## Activity:
The full listing, copied exactly and free of pictures, is the expected reply.

## Data:
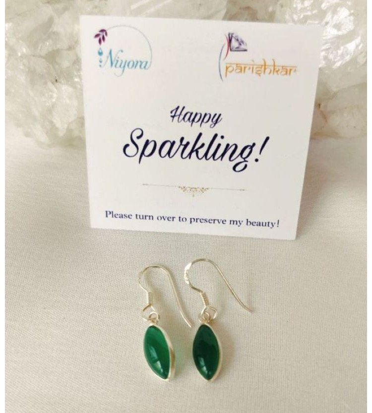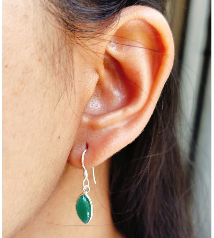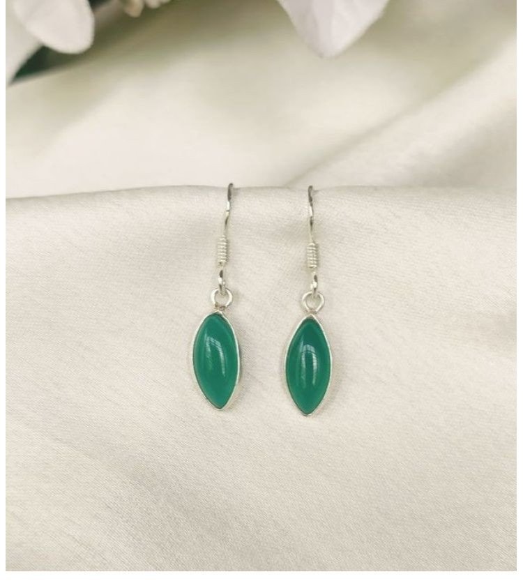 Elevate your style with our stunning Green Onyx Hanging Earrings, featuring beautiful marquise-shaped cabochon green onyx stones set in 92.5 sterling silver. This elegant piece is perfect for adding a touch of sophistication to your look.
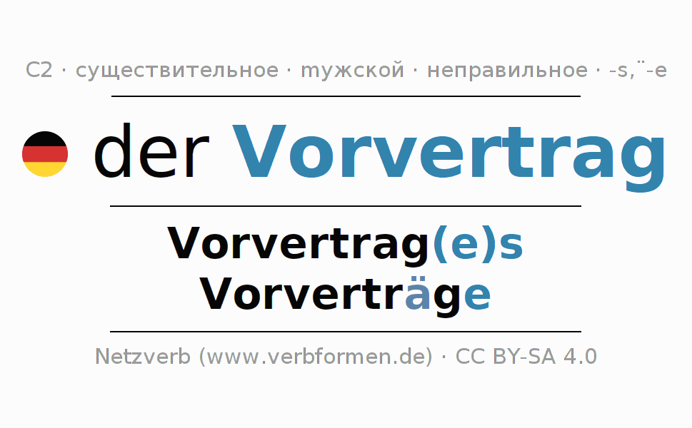- Множественное число: die Vorverträge, der Vorverträge, den Vorverträgen, die Vorverträge
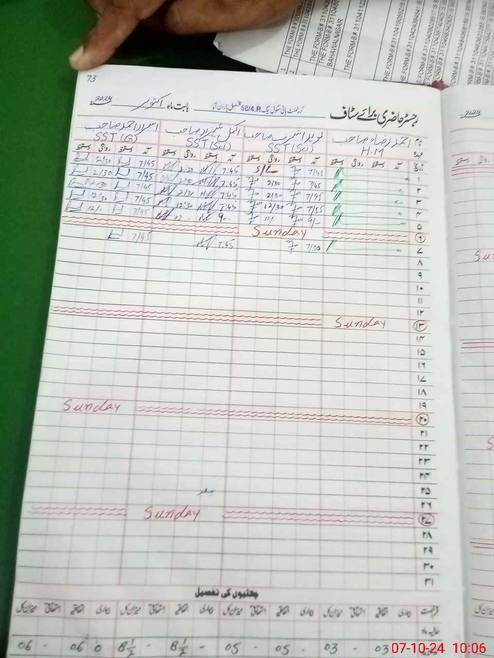 | CNIC | Full Name | Designation | R/C | Absence During Last Calender Month |

## Written solution:
 Elevate your style with our stunning Green Onyx Hanging Earrings, featuring beautiful marquise-shaped cabochon green onyx stones set in 92.5 sterling silver. This elegant piece is perfect for adding a touch of sophistication to your look.
- Множественное число: die Vorverträge, der Vorverträge, den Vorverträgen, die Vorverträge
 | CNIC | Full Name | Designation | R/C | Absence During Last Calender Month |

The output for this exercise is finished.